The limitations of each group are defined below.
Local file-based processing by server
The audio file compatibility for this group of OLIVE interactions is dictated by the libsndfile for reading and writing audio files. All files submitted to the OLIVE Batch GUI, through the localenroll, localanalyze, and localtrain command line tools, or as Serialized files through the OLIVE API can be of any audio file format and type supported by the libsndfile package.
Stereo files are supported, but are merged into a single channel before scoring when submitting to the OLIVE Batch GUI and Command Line Interface Tools. When submitting files as serialized objects through the API, there is flexibility regarding how the channels are processed – please refer to the API Documentation for more details.

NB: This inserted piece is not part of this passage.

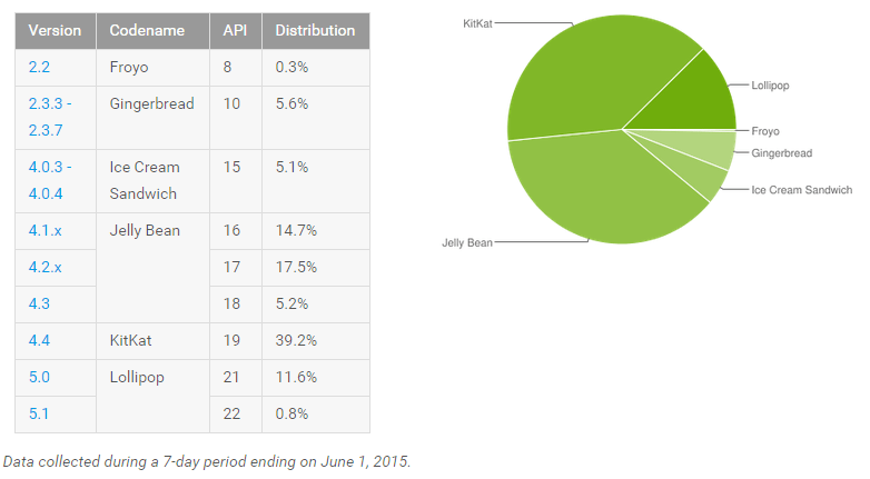 Except Lollipop, all other Android versions continue to lose market share and we expect to see the same until Android M arrives on the scene.

Supported audio formats include:
- Microsoft WAV
- SGI/Apple AIFF/AIFC
- Sun AU/Snd
- Raw (headerless)
- Paris Audio File (PAF)
- Commodore IFF/SVX
- Sphere/NIST WAV
- IRCAM SF
- Creative VOC
- SoundForge W64
- GNU Octave MAT4.4
- Portable Voice Format
- Fasttracker 2 XI
- HMM Tool Kit HTK
- Apple CAF
- Sound Designer II SD2
- Free Lossless Audio Codec (FLAC)
Supported encodings vary by the format used (see the link below for a comprehensive compatibility table), but samples of several supported encodings are as follows:
- Unsigned and signed 8, 16, 24 and 32 bit PCM
- IEEE 32 and 64 floating point
- U-LAW
- A-LAW
- IMA ADPCM
- MS ADPCM
- GSM 6.10
- G721/723 ADPCM
- 12/16/24 bit DWVW
- OK Dialogic ADPCM
- 8/16 DPCM
More information on libsndfile supported audio formats can be found here: http://www.mega-nerd.com/libsndfile/#Features
Audio files being opened and processed by Java
Any files being opened in the Nightingale GUI for close analysis work must be able to be opened and read by the underlying Java code libraries:
- Java Media Framework
- JavaX.Sound
- FLAC
Only mono files are currently supported.
Supported sample rates include:
- 8 kHz multiples to 48 kHz
- 11.025 kHz multiples to 44.1 kHz
Supported container formats:
- FLAC
- RIFF (.wav)
- AIFF
- AIFC
- AU
Supported encoding formats:
- Compressed:
- FLAC
- PCM:
- 16 bit signed int, big or little endian
- 8 bit signed or unsigned int
- 32 bit float, little endian only (i.e. RIFF, not RIFX)
- 8 bit mulaw or alaw
- ADPCM:
- Microsoft or IMA ADPCM
Audio samples buffered into memory
Raw buffered audio samples being sent to the OLIVE server for enrollment or scoring are read and processed under the assumption that they are raw 16-bit Linear PCM sampes at an 8 kHz sampling rate.
Serialized buffered audio files sent to the server are not processed by the client or assumed to be anything specific; rather they are interpreted by the server as a complete (header-intact!) audio file.